_PROMPT_
Lines below that hold the word "from" must be copied in full.

_DATA RECORDS_
====
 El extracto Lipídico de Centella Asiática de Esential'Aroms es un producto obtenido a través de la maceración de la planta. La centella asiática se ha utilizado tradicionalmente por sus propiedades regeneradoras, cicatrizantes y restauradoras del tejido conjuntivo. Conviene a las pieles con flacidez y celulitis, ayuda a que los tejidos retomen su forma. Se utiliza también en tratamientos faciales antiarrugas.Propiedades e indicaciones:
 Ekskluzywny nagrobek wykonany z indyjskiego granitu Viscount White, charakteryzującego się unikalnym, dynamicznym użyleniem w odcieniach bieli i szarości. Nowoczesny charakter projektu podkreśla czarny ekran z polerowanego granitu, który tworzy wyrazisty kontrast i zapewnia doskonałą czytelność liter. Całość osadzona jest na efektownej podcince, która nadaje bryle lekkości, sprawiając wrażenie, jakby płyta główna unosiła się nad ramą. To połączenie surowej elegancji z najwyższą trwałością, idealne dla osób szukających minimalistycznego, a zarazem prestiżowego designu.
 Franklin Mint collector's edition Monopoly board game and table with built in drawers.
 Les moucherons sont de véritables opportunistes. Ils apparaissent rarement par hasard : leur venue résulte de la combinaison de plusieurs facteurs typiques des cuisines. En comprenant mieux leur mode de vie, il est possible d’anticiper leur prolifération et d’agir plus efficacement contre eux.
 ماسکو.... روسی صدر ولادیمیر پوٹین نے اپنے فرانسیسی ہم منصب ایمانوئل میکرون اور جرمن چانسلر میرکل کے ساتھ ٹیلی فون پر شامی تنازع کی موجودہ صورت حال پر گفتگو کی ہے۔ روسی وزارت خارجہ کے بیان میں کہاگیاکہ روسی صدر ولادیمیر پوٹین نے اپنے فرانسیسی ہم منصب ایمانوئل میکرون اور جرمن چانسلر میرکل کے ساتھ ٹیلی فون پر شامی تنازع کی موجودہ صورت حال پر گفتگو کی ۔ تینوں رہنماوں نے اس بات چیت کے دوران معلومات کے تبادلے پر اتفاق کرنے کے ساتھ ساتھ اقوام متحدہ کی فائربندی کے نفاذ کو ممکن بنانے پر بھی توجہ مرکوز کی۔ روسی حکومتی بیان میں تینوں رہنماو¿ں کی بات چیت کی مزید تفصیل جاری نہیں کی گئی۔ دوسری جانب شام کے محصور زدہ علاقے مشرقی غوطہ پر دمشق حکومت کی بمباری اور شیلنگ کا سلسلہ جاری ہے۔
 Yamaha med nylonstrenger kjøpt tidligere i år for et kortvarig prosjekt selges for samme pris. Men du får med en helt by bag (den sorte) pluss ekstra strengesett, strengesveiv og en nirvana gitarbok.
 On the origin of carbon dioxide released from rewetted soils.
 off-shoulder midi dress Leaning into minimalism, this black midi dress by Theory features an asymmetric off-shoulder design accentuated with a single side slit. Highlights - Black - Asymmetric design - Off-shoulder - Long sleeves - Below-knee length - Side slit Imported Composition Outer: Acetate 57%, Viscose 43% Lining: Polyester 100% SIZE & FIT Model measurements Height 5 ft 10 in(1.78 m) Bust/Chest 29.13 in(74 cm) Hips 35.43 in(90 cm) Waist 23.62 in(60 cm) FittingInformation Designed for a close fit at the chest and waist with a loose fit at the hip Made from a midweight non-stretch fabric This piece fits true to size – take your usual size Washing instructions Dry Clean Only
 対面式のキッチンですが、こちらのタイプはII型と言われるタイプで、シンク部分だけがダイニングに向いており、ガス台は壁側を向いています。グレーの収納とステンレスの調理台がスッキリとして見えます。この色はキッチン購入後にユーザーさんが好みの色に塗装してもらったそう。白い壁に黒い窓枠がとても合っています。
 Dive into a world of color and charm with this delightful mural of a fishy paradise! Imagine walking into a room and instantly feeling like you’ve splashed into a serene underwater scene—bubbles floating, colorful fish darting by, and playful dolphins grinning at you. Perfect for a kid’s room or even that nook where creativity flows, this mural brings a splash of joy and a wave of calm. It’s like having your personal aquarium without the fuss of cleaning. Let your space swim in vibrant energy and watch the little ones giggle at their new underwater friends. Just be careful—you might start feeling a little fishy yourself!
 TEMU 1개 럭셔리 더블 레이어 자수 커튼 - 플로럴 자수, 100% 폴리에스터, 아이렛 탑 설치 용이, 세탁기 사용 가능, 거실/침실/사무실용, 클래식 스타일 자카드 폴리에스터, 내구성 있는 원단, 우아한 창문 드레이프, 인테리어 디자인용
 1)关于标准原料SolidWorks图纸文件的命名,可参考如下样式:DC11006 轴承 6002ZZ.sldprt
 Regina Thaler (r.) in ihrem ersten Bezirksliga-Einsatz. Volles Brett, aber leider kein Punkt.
====
_ANSWER TO THIS TASK_
 On the origin of carbon dioxide released from rewetted soils.
 off-shoulder midi dress Leaning into minimalism, this black midi dress by Theory features an asymmetric off-shoulder design accentuated with a single side slit. Highlights - Black - Asymmetric design - Off-shoulder - Long sleeves - Below-knee length - Side slit Imported Composition Outer: Acetate 57%, Viscose 43% Lining: Polyester 100% SIZE & FIT Model measurements Height 5 ft 10 in(1.78 m) Bust/Chest 29.13 in(74 cm) Hips 35.43 in(90 cm) Waist 23.62 in(60 cm) FittingInformation Designed for a close fit at the chest and waist with a loose fit at the hip Made from a midweight non-stretch fabric This piece fits true to size – take your usual size Washing instructions Dry Clean Only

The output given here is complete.